Die Entwicklung und der Wandel von erotischen Inhalten ist nicht auf die Weiterentwicklung von pornografischen Bildmaterialien und Live Sex Cams beschränkt. Der Umgang mit der eigenen Sexualität und Leidenschaft ist in der heutigen Zeit offener denn je. Einen bedeutsamen Teil dazu hat wohl die Enttabuisierung von Erotik in der Gesellschaft beigetragen. Menschen gehen offen und ehrlich mit ihrer Sexualität um. Partner und Eheleute sprechen über ihre persönlichen sexuellen Neigungen und Vorlieben ohne Angst davor haben zu müssen, verurteilt zu werden. Werbeblöcke über Live Sex Cams und Fremdgehportale werden nachts im öffentlichen Fernsehen gesendet, was den offenen Umgang untermauert. Das blühende Wachstum diverser Sexshops und Erotikfachgeschäfte spricht hierbei für sich. In viele Fußgängerzonen deutscher Großstädte sieht man Erotikfachgeschäfte, die ganzen Kaufhäusern ähneln. Menschen strömen hinein und wieder raus, ohne Schamesröte im Gesicht und gehen selbstbewusst und offen mit ihren sexuellen Vorlieben um. Zusätzlich weist auch der Online-Handel mit erotischen Spielzeugen einen wachsenden Gewinn auf. Viele Online-Shops aus dem Erotiksegment bieten eigene Blogs und Videoreihen, in denen Tipps fürs Liebesleben und den korrekten Umgang mit Sexspielzeug gegeben wird. Die Auswahl in solchen Online-Shops ist nicht selten deutlich breiter aufgestellt als in vielen Erotikfachgeschäften. Die verschiedenen Kategorien, Entwicklungen und Innovationen der Branche zeigen das unübersehbare Wachstum.

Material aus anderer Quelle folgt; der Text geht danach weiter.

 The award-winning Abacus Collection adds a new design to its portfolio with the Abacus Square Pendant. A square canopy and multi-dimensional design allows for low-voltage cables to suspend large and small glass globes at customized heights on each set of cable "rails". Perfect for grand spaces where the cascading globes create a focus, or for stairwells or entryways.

Diese Verhaltensweisen wären vor einigen Jahren noch undenkbar gewesen. Sexspielzeuge im ehelichen Schlafzimmer? Unvorstellbar. Ein Gespräch zwischen Eheleuten oder Beziehungspartnern über das Sexleben, um über die eigenen Wünsche zu reden? Absolut nicht denkbar. Von Websites mit pornografischen Inhalt und Live Sex Cams war nicht im Ansatz die Rede.

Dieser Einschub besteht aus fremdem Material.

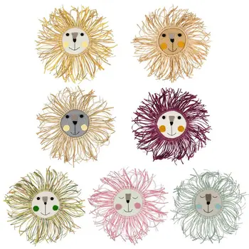 Cartoon Lion Hanging Decorations Handmade Cotton Thread Weaving Animal Head Ornament Kids Room Wall Home Accessories Leather Bag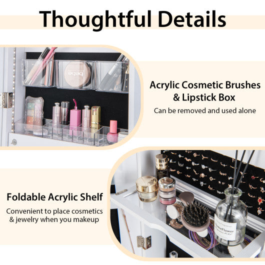 Freestanding Jewelry Cabinet with Full-Length Mirror-White

Dabei sind es eben all diese Dinge, die für einen offenen Umgang mit dieser Thematik gesorgt haben. Sexualität gehört als fester Bestandteil zu unserem Alltag und schafft ein Bewusstsein dafür seine persönlichen Vorlieben zu entdecken. Die Menschen haben aufgehört sich hinter der gesellschaftlichen Intoleranz zu verstecken und haben das Tabuthema zum akzeptierten Themenfeld gemacht. Es wird offen über Sex gesprochen, unter Freunden und Partnern. Die Erotikbranche hat sich vom verruchten Hinterzimmer mit Schmuddelatmosphäre zum gesellschaftlich anerkannten Themengebiet entwickelt. Nackte Haut, Sex und Liebe sind Teil unseres Lebens, egal in welcher Gesellschaftsschicht.